IMF Reform

Interestingly, the paper is titled “An IMF for the 21st Century”, a title that raises the issue as to why such a dissertation has come more than a decade after the start of the twenty-first century bearing in mind that the sustained calls for reform of the Bretton Woods institutions which, even developed  countries concede, was not fashioned to respond to the contemporary challenges of poor, underdeveloped countries, most of which were still colonial possessions when the agreement was signed in 1944 to seek to respond to the rebuilding needs of war-ravaged Europe.
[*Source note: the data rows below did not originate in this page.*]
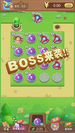 5、每一关的末尾都会出现一个BOSS,它的血量非常厚,赶紧合成并升级你的炮塔吧。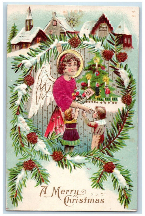 • c1910's Christmas Tree Angel Children Pine Cone Snow Silk House Winter Postcard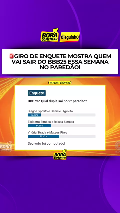 🔥Enquete mostra quem sai! Qual dupla você quer eliminar no segundo paredão? Diego e Dani, Edy e Raissa ou Vitória Strada e Mateus? #BBB25 👀
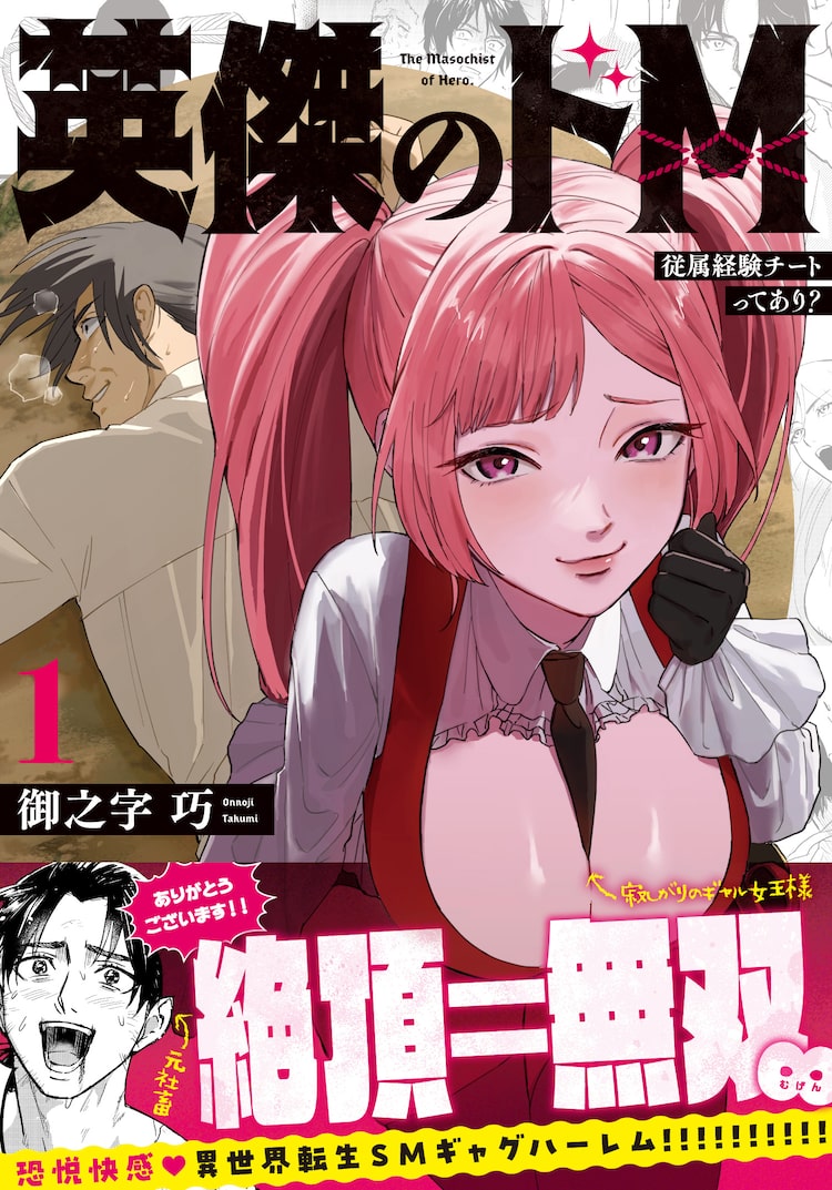 「英傑のドM 従属経験チートってあり?」の主人公・アクロは、異世界の裕福な家庭に転生した元社畜男性。幸福なはずなのに何か物足りないという悩みを抱えていたアクロが盗賊に捕まり、奴隷になったことから物語は始まる。女首領・メロアのお仕置きを受け、自分が前世ではSMクラブに通うドMだったことを思い出したアクロは、眠れる性癖と能力が開花。どんなケガを負っても全回復し、いじめられるほど強くなる体を手に入れる。理想の女王様を求めるアクロの奇妙な冒険譚を描く。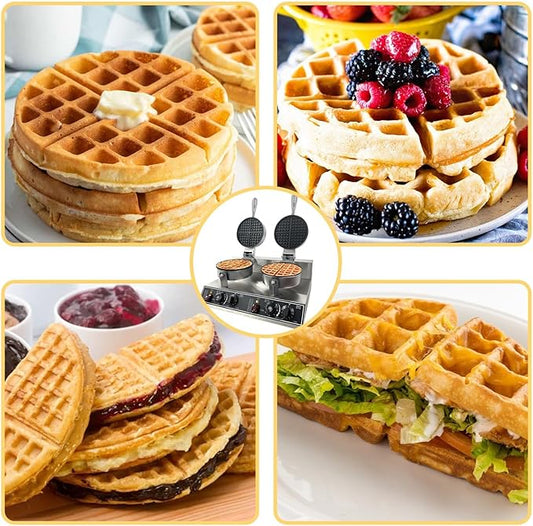 Double Head Commercial Waffle Maker, 2400W Stainless Steel Nonstick Waffle Iron with 122℉ to 572℉ Temp Range & Time Control, Perfect for Home Cafe Restaurant Snack Bar Bakeries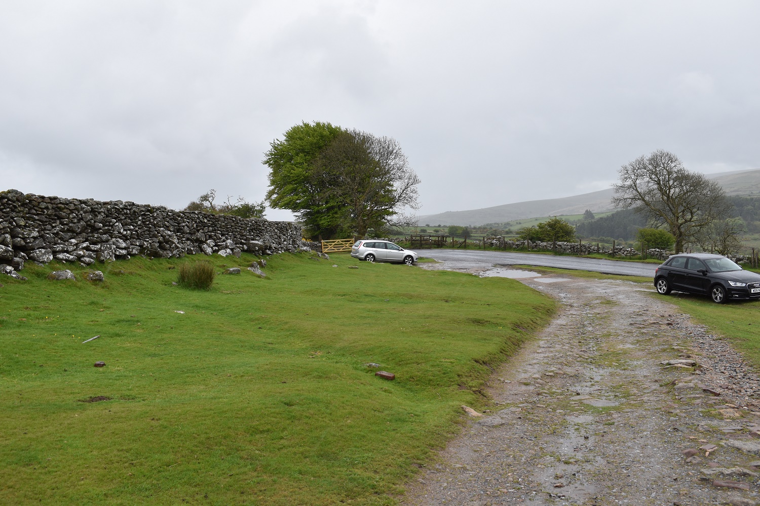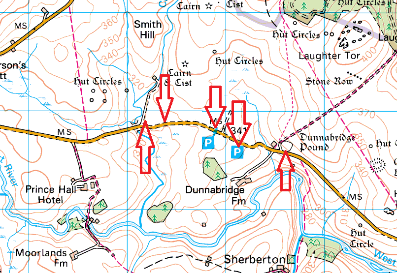 This is a series of around 5 parking spots running from Dunnabridge Pound back towards Two Bridges. Each of the parking spots will take at least 8 cars, although the spot right by Dunnabridge Pound will only take perhaps 3 cars on the grass verge. I’ve never failed to get parked at at least one of these, although it will be rare to find them all empty. There are no parking charges for these currently.

What has pushed the IMF to unveil its new “vision” is the current global economic and financial crisis, which Strauss-Khan says has put at risk much of what the Fund has worked for including less poverty and more prosperity. Critics of the Fund, however, particularly underdeveloped and developing countries that were forced to accede to conditional borrowing particularly during the 1970s and 1980s would question whether more prosperity and less poverty were indeed part of the IMF’s mission during that period and whether in fact the prescriptions dispensed by the IMF did receiving countries more harm than good. We remember only too well the stringencies imposed on public spending that compromised the funding of social services, reduced spending on critical imports and forcing borrower countries to reduce employment levels. We recall too that IMF austerity measures precipitated instability, riots and killings in poor countries. Indeed, some economic theorists still believe that the Fund remains both largest ‘living symbol’ of the gap between rich and poor countries and the most poignant indicator of an unacceptable control over the economies of the poor countries of the south by the rich countries of the north, particularly the United States, the single largest contributor to the IMF.
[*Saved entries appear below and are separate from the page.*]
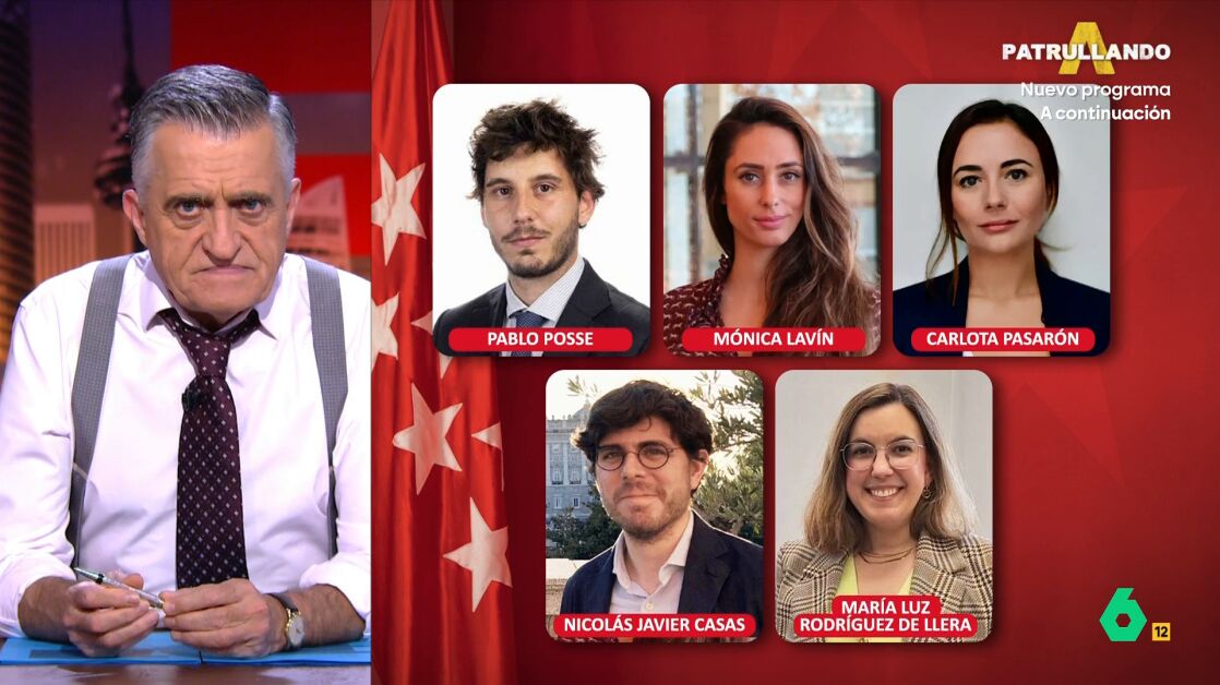 Tras analizar quiénes eran Pablo Posse, Mónica Lavín, Carlota Pasarón, Nicolás Javier Casas y María Luz Rodríguez de Llera en el Gobierno de Ayuso, al presentador de El Intermedio le surgen más dudas: "¿Ocultan algo? ¿Se han dado cuenta todos a la vez de lo que supone el Gobierno de Ayuso para la educación?", se pregunta Wyoming, que al ver sus fotos piensa que "tiene más pinta de que han dejado la política para refundar Ciudadanos".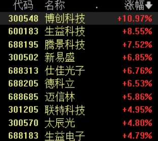 博创科技涨逾10%,生益科技涨逾8%,腾景科技涨7%,新易盛、德科立涨逾6%,联特科技、太辰光涨逾4%。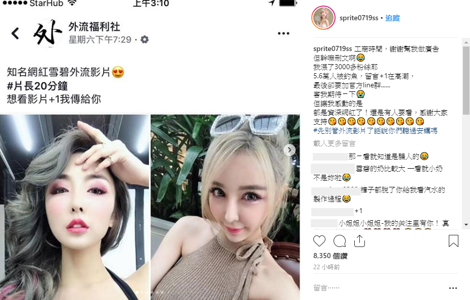 貼文下方也有許多網友力挺本本,表示:「完全不可能相信」、「想也知道是假的」、「根本不像= =」,而先前性感網紅「雪碧」也遭遇相同手法受害,本人更親自進入社團留言喊「+1快發啦,我也想看」,霸氣手法惹得網友誇讚,雪碧因此還漲粉。不過此外流影片是詐騙手段,透過雪碧實測與本本的補充,也再次提醒眾網友,需要多加注意,不要受騙了。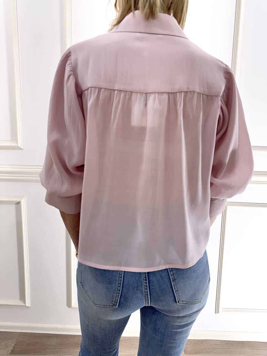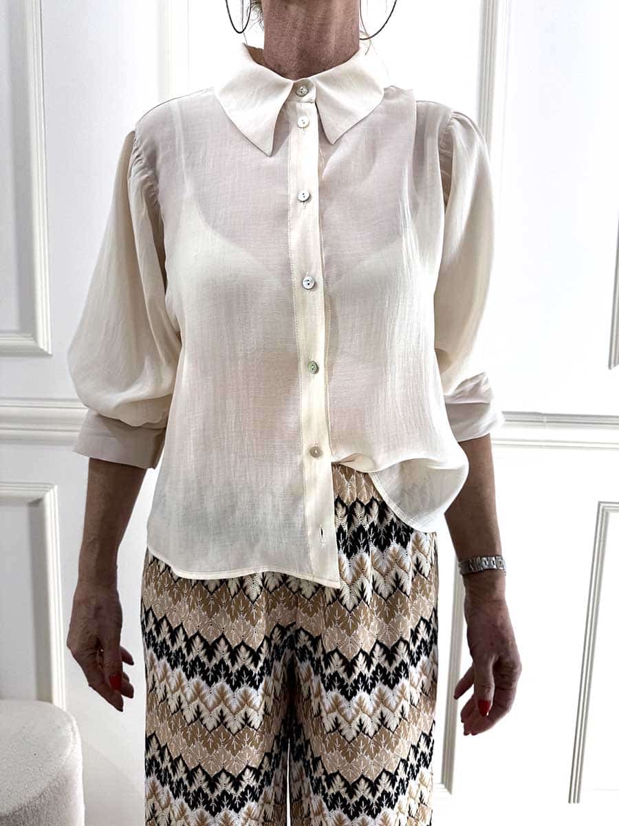 Camicia in tessuto leggero , bottoncini sul davanti per la chiusura, manica a palloncino.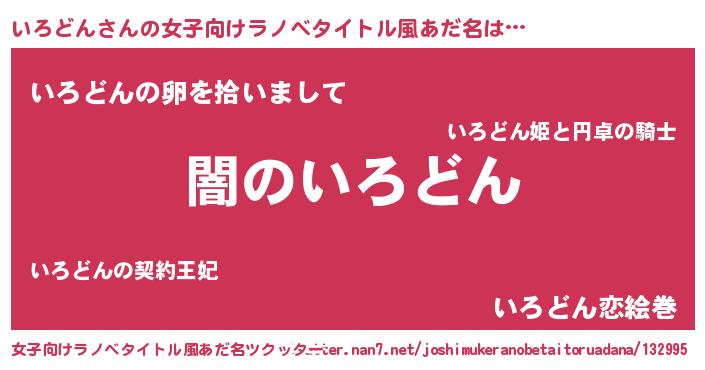 | 男性向けラノベタイトル風あだ名 | 『Re:いろどんから始める異世界生活』 |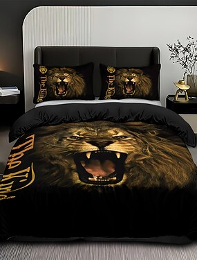 Комплект постельного белья из 3 предметов с принтом «Король Лев»: пуховое одеяло, постельное белье для гостиничной спальни, удобный комплект для двуспальной кровати, мягкий флисовый комплект из 3

By the later years of the twentieth century the IMF had begun to be more receptive to calls for reform of the institution and since then we have seen a revamping of its lending framework that have ushered in new financing instruments while a significant boost to the Fund’s concessionary resources will allow for the tripling of its lending to low-income countries over the next two years. Additionally, the IMF has also moved to ease the onerous debt burden on low-income countries by waiving all interest due on lending to those countries until 2012.

Even as the IMF has moved to reform its modus operandi, however, new challenges have emerged that will demand even more of the organization and  the most significant pronouncement made by Strauss-Khan during his presentation was the acknowledgement that climate change is “perhaps, the most critical issue facing the planet in the 21st century” and that he sees the Fund supporting measures “to deal with the serious macroeconomic and financing consequences of climate change.” It is by no means an inconsequential pronouncement by the IMF’s Director General that the Fund has acknowledged that climate change falls within its ‘core mandate’ and that it is seeking to update its crisis response capacity since what this means is that more funds will be required to respond to the challenges already facing some vulnerable countries including low-lying island states in the Caribbean and elsewhere. Here in Guyana, while President Bharrat Jagdeo’s Low Carbon Development Strategy (LCDS) appears to be the flavour of the day, as far as the country’s environmental policy is concerned, the events of 2005/2006 provide a grim reminder that our more immediate concern ought to be with rising sea levels and its implications for our heavily populated and highly vulnerable coastal plain.

Of course, none of what the IMF promises in terms of reform is likely to count for much unless its can significantly hasten the pace of its long-promised governance reform particularly in the context of levelling the playing field in the balance of power between rich and poor member countries of the Fund. As Strauss-Khan himself admits the Fund’s 2008 “quota and voice reform” is still not implemented since only 64 member countries – representing about 70 per cent of the required 85 per cent voting power – have enacted legislation to make the reform possible.

The point about the interminable delay in bringing about governance reforms within the IMF is that the slow pace of the reforms is a powerful manifestation of an unchanging balance of power and of the reluctance of developed countries to loosen their hold on the multilateral financing institutions. Better still, the gingerly pace of IMF reforms reflects the reluctance of rich countries to countenance significant change though Strauss-Khan himself admits that the mandate has long been “validated.” Building a Fund for the 21st century has been identified by Strauss-Khan as one of three “global challenges” facing the IMF through he concedes, succinctly, that the key decision-makers inside the Fund may still be locked in the same post-war mould that fashioned Bretton Woods. This, perhaps, is still the most important challenge facing the IMF even as its Managing Director talks of change.